Harmonizing Global Standards: Navigating MDSAP, ISO 13485, and the Role of Intelligent QMS Solutions

The world of medical device regulation is a vast and complex one. In recent years, one program has emerged to streamline and unify regulatory oversight: the Medical Device Single Audit Program (MDSAP). In this article, we’ll delve into the intricacies of MDSAP, its relationship with ISO 13485, its certification scheme, the challenges medical device firms face in its implementation, and common audit findings.

History of MDSAP

The MDSAP was conceived in 2012 as a response to the global nature of the medical device industry and the increasing need for more consistent international regulatory requirements. Developed by the International Medical Device Regulators Forum (IMDRF), its primary aim was to allow medical device manufacturers to undergo a single regulatory audit that would satisfy the requirements of multiple regulatory jurisdictions.

Initially, the program started as a pilot in 2014, with the participation of regulatory authorities from the United States, Canada, Australia, Brazil, and Japan. After the successful completion of the pilot phase, the program fully rolled out in 2017.

Relation to ISO 13485

ISO 13485 is an internationally recognized standard that defines the requirements for a quality management system (QMS) specific to the medical device industry. While MDSAP is a program designed to unify international regulatory requirements for medical devices, its foundation heavily aligns with the principles laid out in ISO 13485.

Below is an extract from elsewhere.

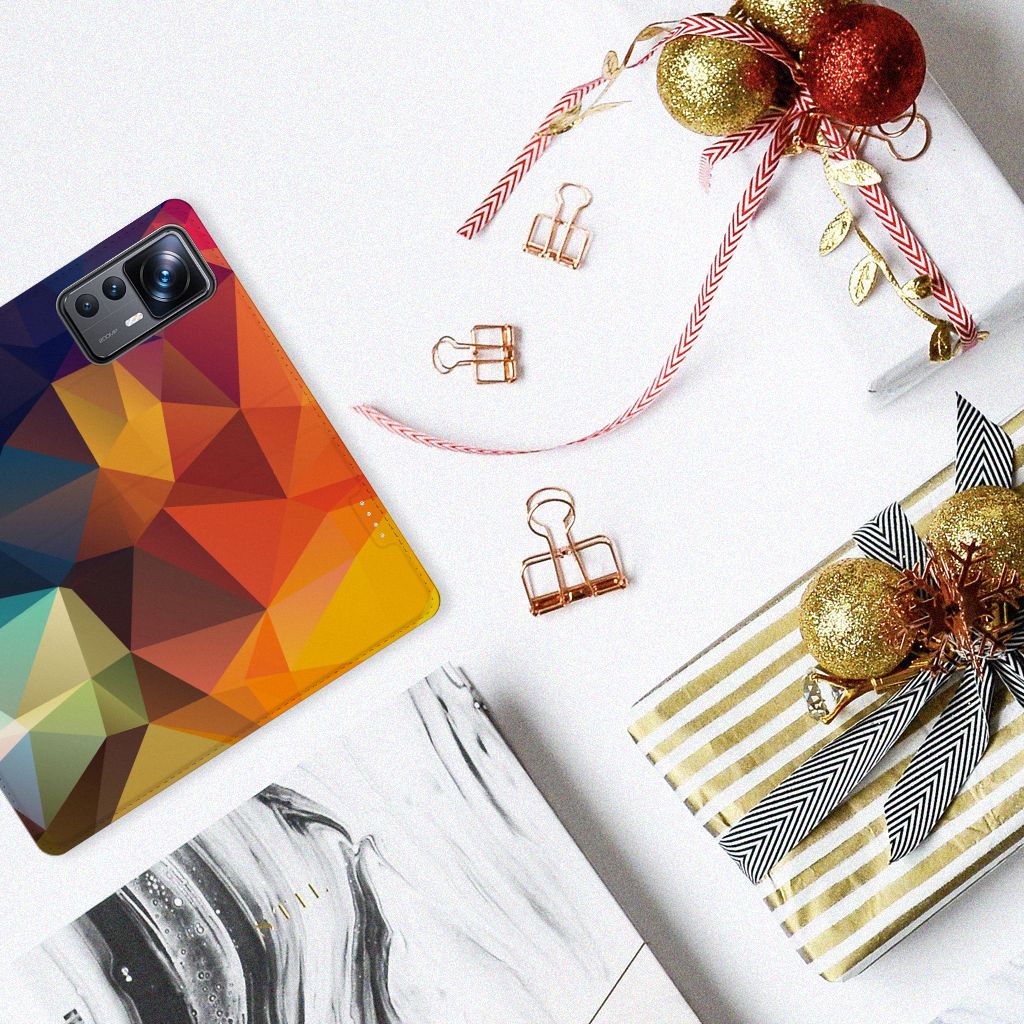 Veelkleurige driehoeken die samen eindeloze asymmetrische patronen lijken te vormen. Het is het abstracte schouwspel dat op dit fraaie hoesje voor je Xiaomi 12T | 12T Pro direct de aandacht trekt noemen we voor het gemak trekt noemen we voor het gemak Polygon Color. De een ziet er een berglandschap in, de ander piramides. Wat zie jij erin? Zeker is in elk geval dat de aanblik van dit fascinerende ontwerp je niet snel gaat vervelen. Het kleurige spel van lijnen en vlakken blijft eindeloos boeien en geeft jouw Stand Case een hippe en kunstzinnige uitstraling. De kracht die het lijnenspel uitstraalt, komt ook terug in het hoesje zelf. De solide hoes van PU-leer beschikt ook over een 1 pashouder en een speciale standaard. Het hoesje wordt afgesloten met een magneet aan de binnenzijde. De houder aan de binnenzijde is van TPU. Alle zijden worden bedrukt.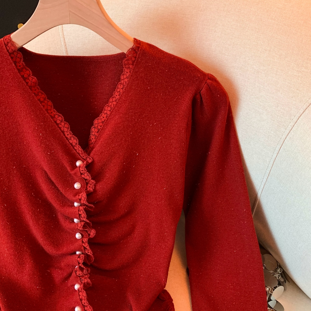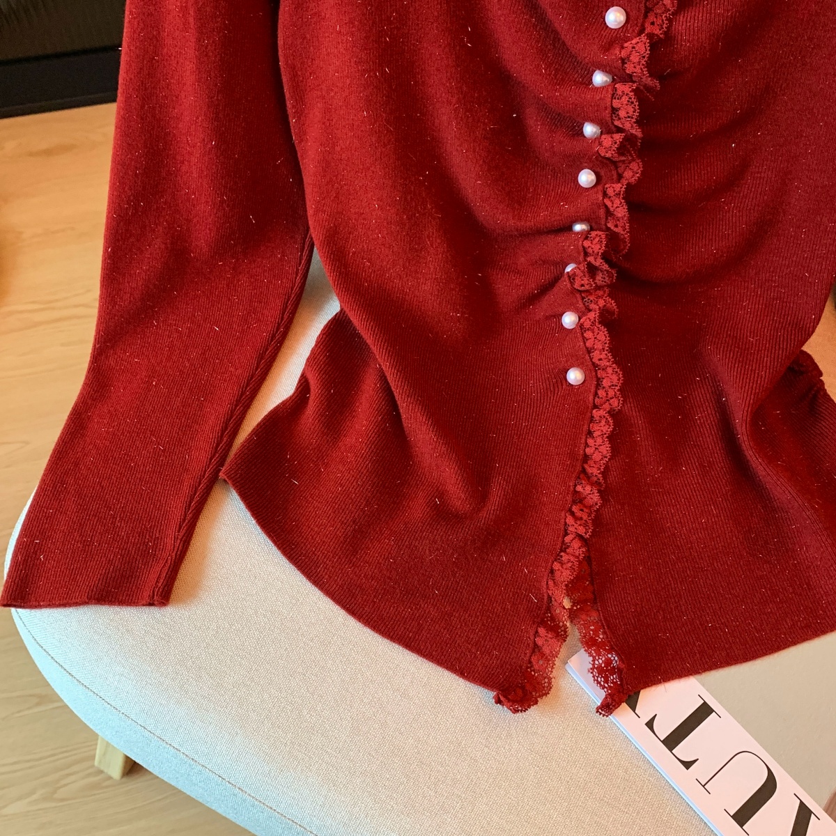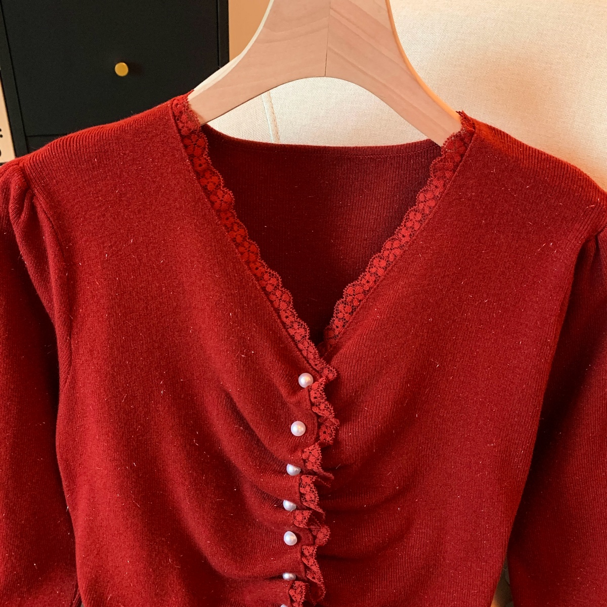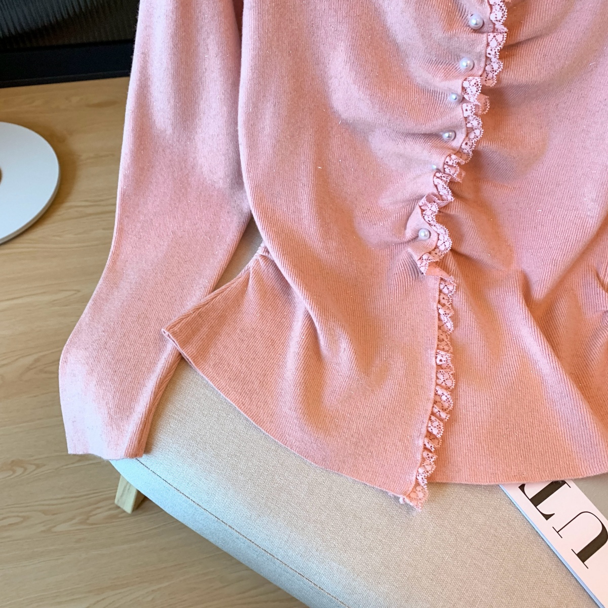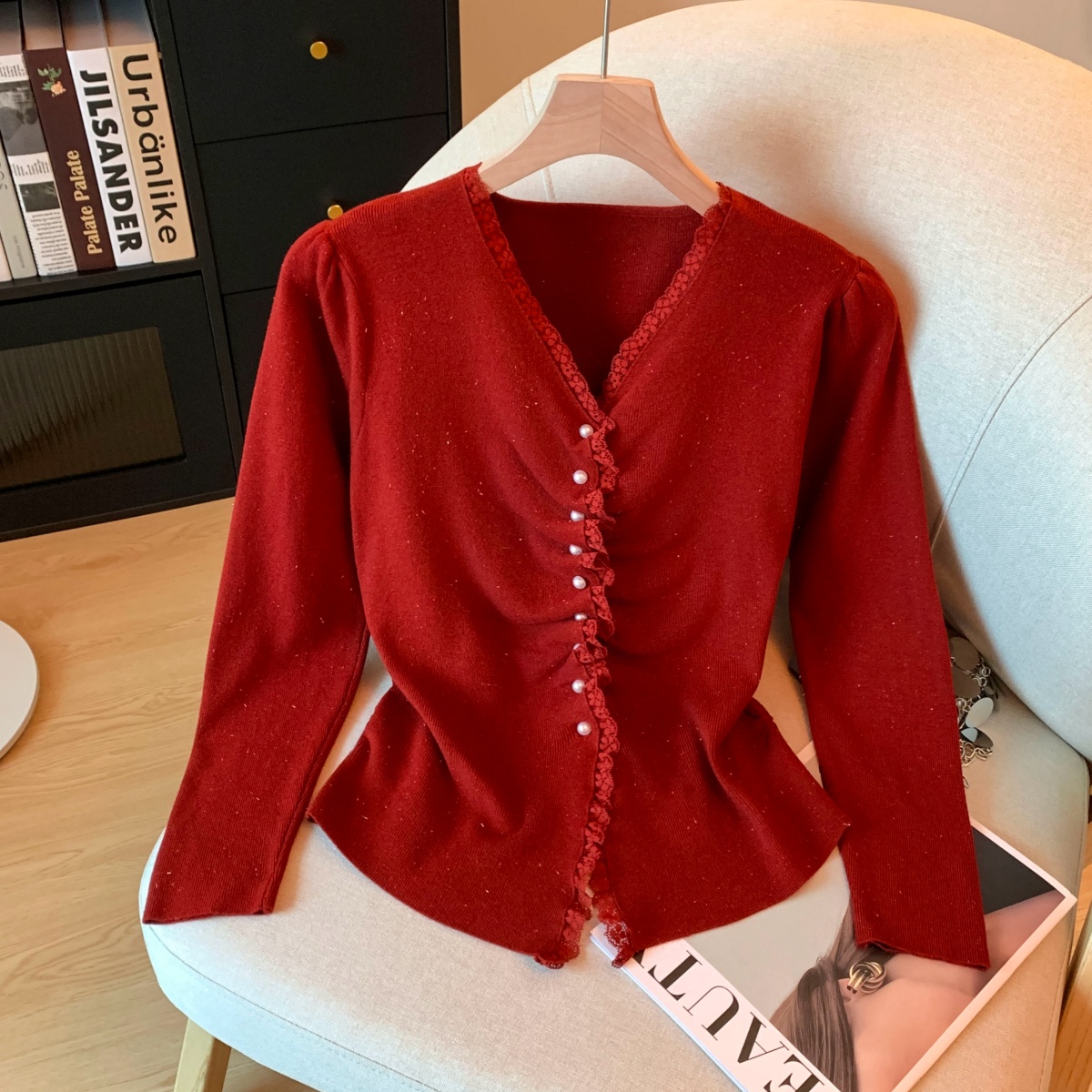 MY15661# 新款打底衫亮丝褶皱开衫蕾丝拼接V领内搭上衣温柔风女裝貨源服裝批發

This means that companies that already comply with ISO 13485 have a head start when aiming to meet MDSAP requirements. While not all elements of ISO 13485 are directly transferrable, the standard’s focus on risk management, continuous improvement, and the delivery of safe and effective devices provides a solid framework on which to build.

How the MDSAP Certification Scheme Works

Under MDSAP, a single audit by an accredited Auditing Organization (AO) can be used to satisfy the regulatory requirements of all the participating countries.

  1. Audit Sequence: The MDSAP audit follows a specific sequence that spans over three years. It begins with an initial certification audit, followed by surveillance audits in the second and third year. A recertification audit is then conducted in the third year.
  2. Audit Model: The program uses a process-based audit model. This encompasses the device’s lifecycle and evaluates the effectiveness of the manufacturer’s QMS. The audit focuses on specific processes like management, measurement, analysis, improvement, etc.
  3. Grading Non-Conformities: Unlike some other audits, MDSAP employs a grading system for non-conformities. This involves assigning a grade based on the severity of the non-conformity and its impact on public health.

Challenges Faced by Medical Device Firms

  1. Global Alignment: Since MDSAP encompasses requirements from multiple countries, companies may face challenges aligning their internal processes to satisfy all regulatory jurisdictions.
  2. Resource Intensity: The comprehensiveness of the MDSAP audit, given that it’s designed to satisfy multiple regulators, can be resource-intensive for companies.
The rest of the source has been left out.